I do have ethics, they're the product of my own analysis and are consistent with my world view in other issues not related to my job. I don't go around telling everyone else how to conduct their lives. If they have their own ethics, good for them. If they don't, I don't care, it's their life.
"Ethical AI" is just another buzzword. Companies are not ethical entities. They exist only to create profit and they will create the maximum amount of profit. Even laws and regulations only factor into it as numbers on a spreadsheet, and any profitable activity will continue as long as it generates maximum profit.
I think the article can serve as a good opinion and an introduction to the subject. Certain ideas seem questionable enough - maybe the matter is inherently more complex than something which can be put in an article.
Does, for example, author argue that something which human can do the machine cannot?
He argues that deep down the goal of the machine is to take decisions in humans contexts. Which by definition only can make sense for a human.
Ofc we can argue about a fictional theoretical human like machine to the point it is undifferentiated from a human... but then we created a human. Not a machine anymore.
It's like failing to see the difference between human and machine. One can argue then there is no difference right now. So?
It's a time-honored discussion if machine can do all a human can. On the other hand, religion also has an associated long-living discussion. If we decide according to our beliefs, we should invent another mechanism - something other than reasoning, because it's not used here - to get to agreement.
1) The author's point.
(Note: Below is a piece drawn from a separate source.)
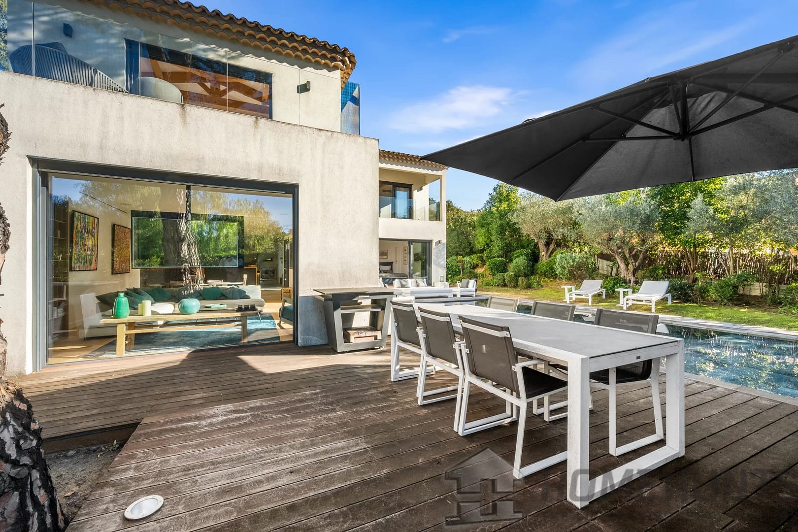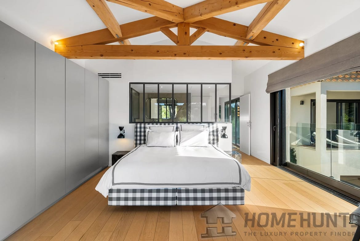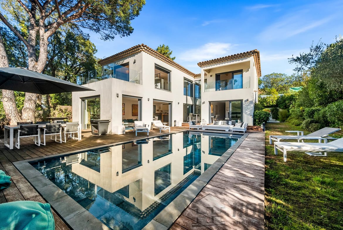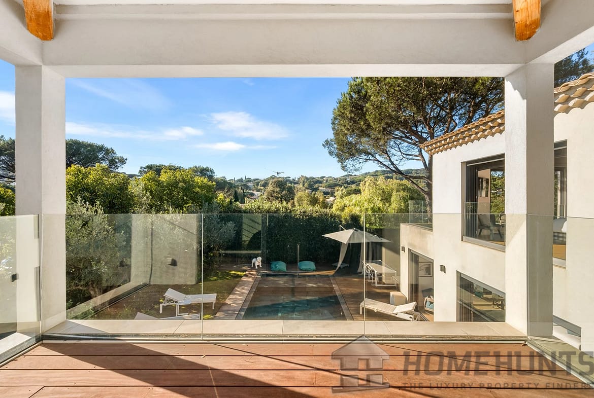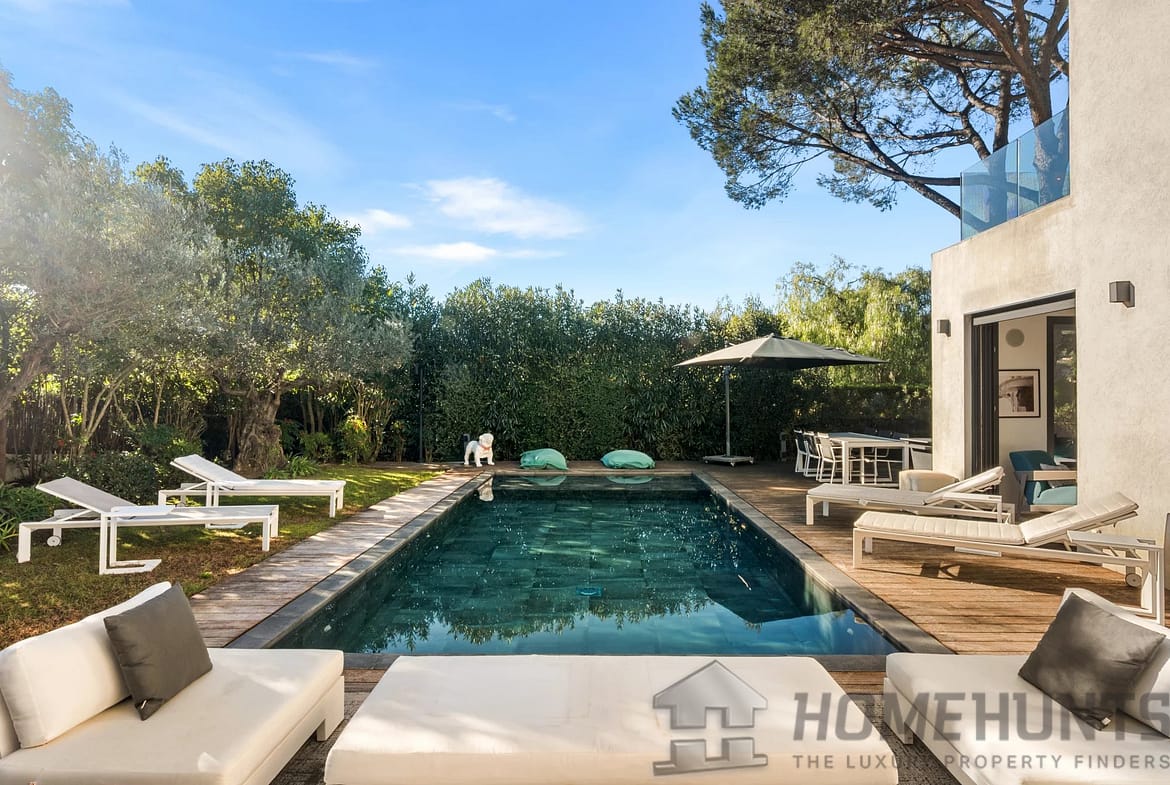 Facing southwest, the villa enjoys optimal sunlight thanks to large pocket sliding glass doors. The terraces surrounding the (heated, saltwater, 9m x 4m) pool offer an ideal outdoor space for relaxation.

That we don't agree on what's ethical so how can we program it?
2) But also, today's AIs aren't mechanism for understanding and balancing a multitude of interests and requirements. They are effectively pattern recognition machines, matching data with categories (or outcomes or etc). So even if you had some criteria formulated, an AI couldn't really do that. I mean, if you true, unlimited intelligence, you might just say "decide like the US supreme court would" and the might be able to do. But we don't even have something that could remotely be challenged that we.